**Your task:**
For this task, output exactly the lines of the material below starting at the line with "1.微信搜索中国电机工程学会小程序或者扫微信小程序二维码。" and ending at the line with "Gepäckanhänger mit original"; pictures are to be excluded.

**Given entries:**
┄┄┄┄┄┄
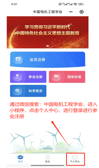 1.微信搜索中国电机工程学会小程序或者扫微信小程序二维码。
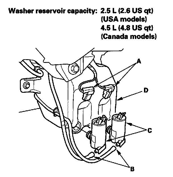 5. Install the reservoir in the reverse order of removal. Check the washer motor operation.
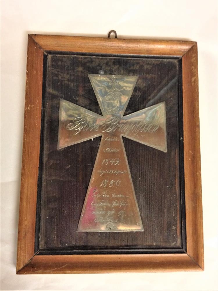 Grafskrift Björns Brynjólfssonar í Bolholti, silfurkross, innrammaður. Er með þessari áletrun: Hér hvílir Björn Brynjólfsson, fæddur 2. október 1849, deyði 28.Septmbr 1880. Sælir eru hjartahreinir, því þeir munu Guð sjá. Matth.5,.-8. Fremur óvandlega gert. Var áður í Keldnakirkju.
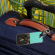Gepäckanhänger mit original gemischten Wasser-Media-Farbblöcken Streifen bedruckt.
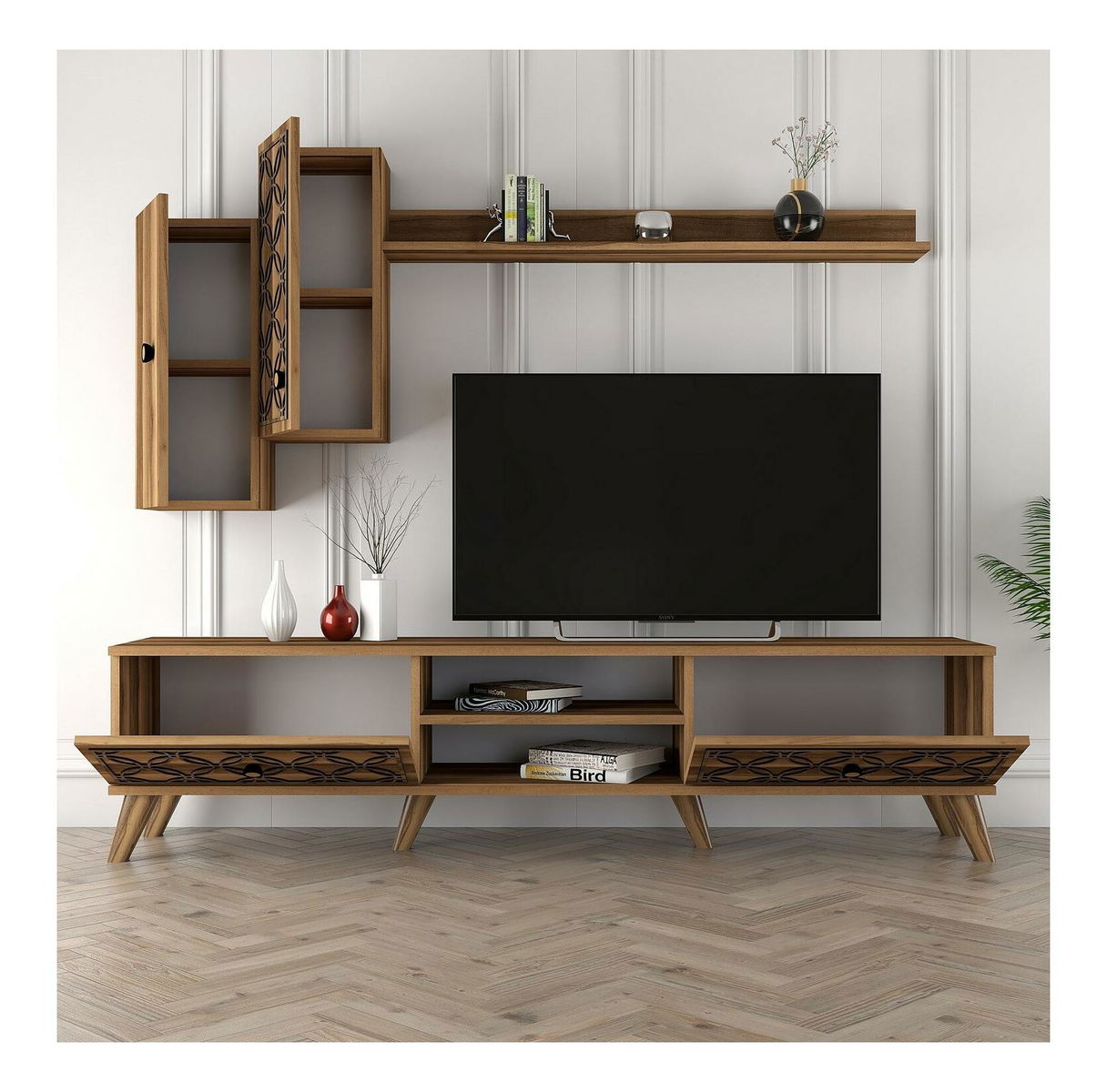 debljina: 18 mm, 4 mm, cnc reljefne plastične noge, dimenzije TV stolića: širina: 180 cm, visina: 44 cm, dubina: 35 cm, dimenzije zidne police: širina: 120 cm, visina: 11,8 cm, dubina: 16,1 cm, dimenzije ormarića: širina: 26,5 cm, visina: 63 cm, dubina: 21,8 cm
┄┄┄┄┄┄
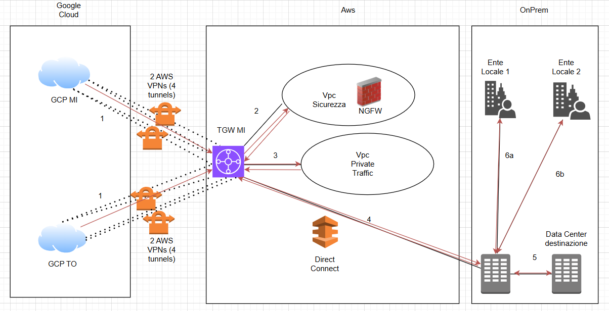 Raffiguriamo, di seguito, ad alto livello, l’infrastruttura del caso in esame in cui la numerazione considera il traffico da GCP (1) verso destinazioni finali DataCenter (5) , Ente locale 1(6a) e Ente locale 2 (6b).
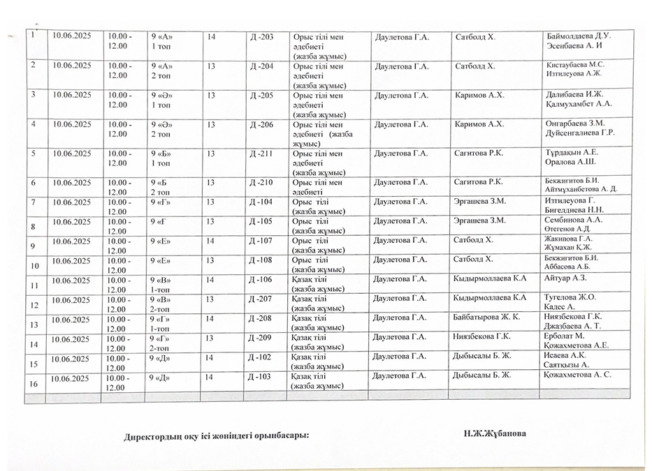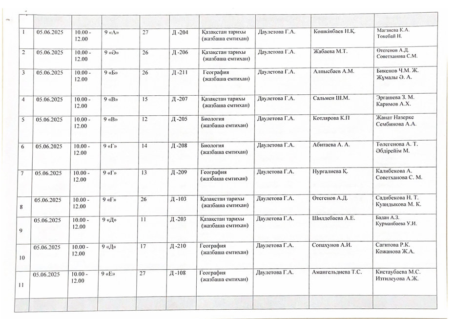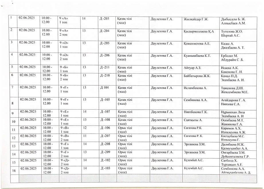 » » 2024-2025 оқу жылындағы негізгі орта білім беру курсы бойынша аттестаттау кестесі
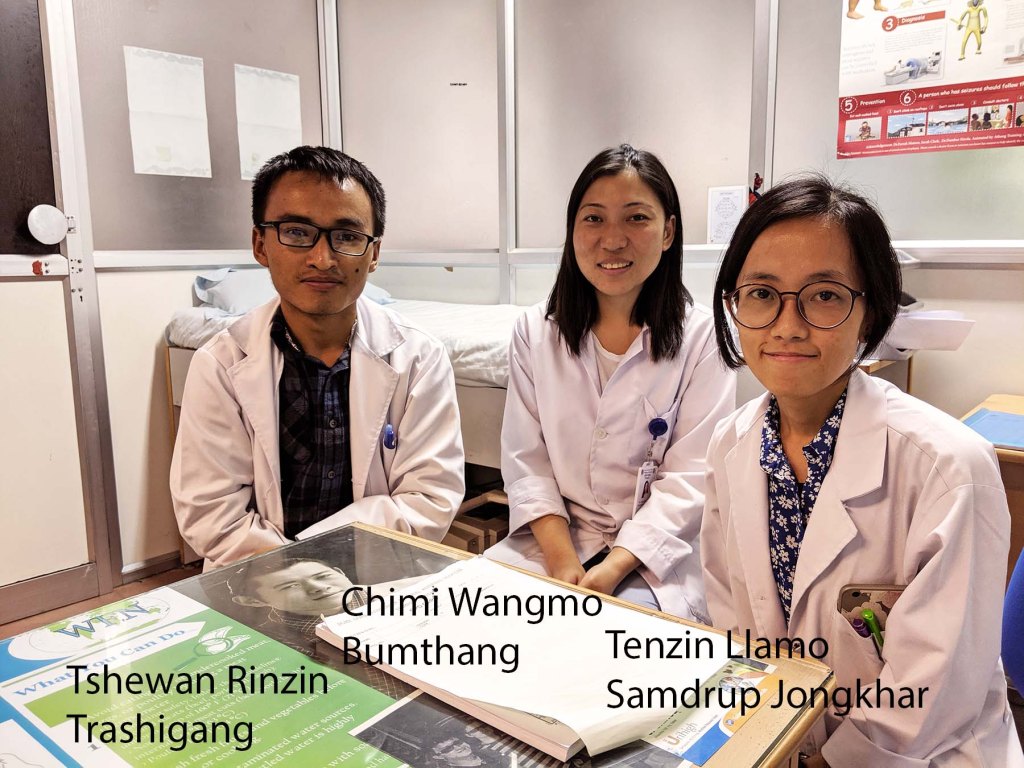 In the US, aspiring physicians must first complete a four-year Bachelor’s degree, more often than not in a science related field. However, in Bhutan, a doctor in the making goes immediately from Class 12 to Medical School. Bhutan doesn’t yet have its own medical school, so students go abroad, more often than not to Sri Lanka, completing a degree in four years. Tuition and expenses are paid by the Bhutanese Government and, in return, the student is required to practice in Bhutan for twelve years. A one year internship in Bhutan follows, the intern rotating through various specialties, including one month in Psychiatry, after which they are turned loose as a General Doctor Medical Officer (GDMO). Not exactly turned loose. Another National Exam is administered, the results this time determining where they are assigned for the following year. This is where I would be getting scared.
┄┄┄┄┄┄
**Result:**
 1.微信搜索中国电机工程学会小程序或者扫微信小程序二维码。
 5. Install the reservoir in the reverse order of removal. Check the washer motor operation.
 Grafskrift Björns Brynjólfssonar í Bolholti, silfurkross, innrammaður. Er með þessari áletrun: Hér hvílir Björn Brynjólfsson, fæddur 2. október 1849, deyði 28.Septmbr 1880. Sælir eru hjartahreinir, því þeir munu Guð sjá. Matth.5,.-8. Fremur óvandlega gert. Var áður í Keldnakirkju.
Gepäckanhänger mit original gemischten Wasser-Media-Farbblöcken Streifen bedruckt.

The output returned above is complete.